Thanks for your reply, much appreciated! that part i missed out, my post was early this morning ;-) i rang his secretary who was lovely and helpful and although she said she only works for the gynae side of things, she still rang IVF wales for me, who then left me a message saying the same thing near enough, im quite suprised as most people say they are so helpfull, thanks again, xx


----------



## nichub (Sep 2, 2010)

Hi rocky, the only thing I would suggest them is keep at them, it's not fair to keep you hanging like this, 

I hope you get sorted soon hun

Nic
Xx


----------



## rocky1 (Feb 27, 2012)

Yes i defintately will keep on at them now, if not their life so they not really bothered.
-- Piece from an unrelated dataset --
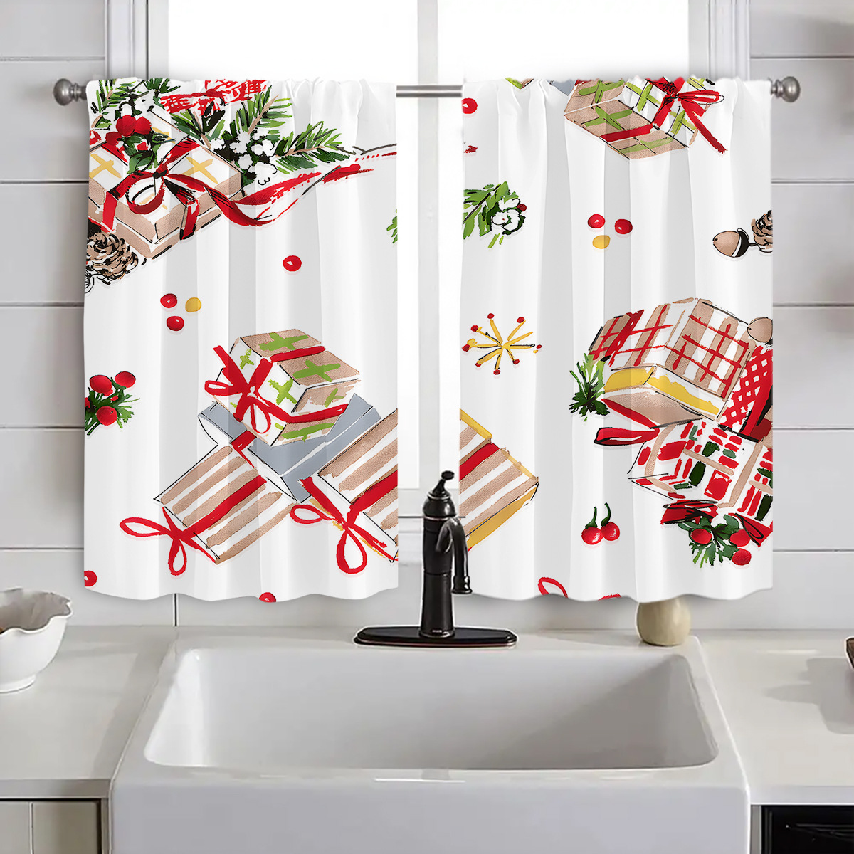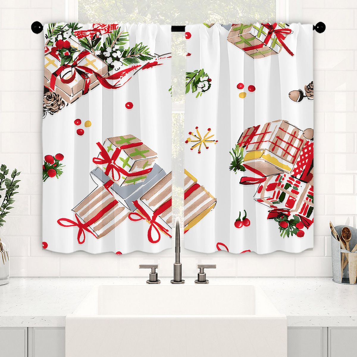 2pcs 주방 짧은 커튼 크리스마스 패턴 국경 뜨거운 판매 공장 직접 공급 3D 디지털 인쇄 방수 및 내유성스토어 가기

Thanks Gem x


----------



## joeyrella (May 13, 2009)

We were referred in October 2009 and at our first appointment in March 2010 were put on the IUI and IVF waiting list and told our place on the waiting list would be backdated to the date of referral.  Once we had waited a year from referral and heard nothing we contacted them, only to find our place on the waiting list had not been backdated at all.  Our consultant refused to be drawn on whether we should have been backdated or not (despite her being the one who had told us that) she just said she told patients what she was told to say and it was up to us to argue it out with the waiting list administrators.  We  felt we had been badly advised over the backdating and the waiting times in general so we wrote a complaint letter.  We had a response which didn't clarify the backdating issue, but did offer us a place on the next IUI open evening a few weeks afterwards.  If you are not happy it can't hurt to write a letter saying that.  Just be aware that my complaint letter was kept at the front of my file forevermore!


----------



## rocky1 (Feb 27, 2012)

Thanks joyeyrella, wow they really do mess people about dont they, thanks for your story i think im going to write a letter


----------



## kara76 (Dec 14, 2004)

I think we are forgetting its not actually the clinic that set waiting times etc its the fact there are so many people waiting plus u know get a second cycle of ivf.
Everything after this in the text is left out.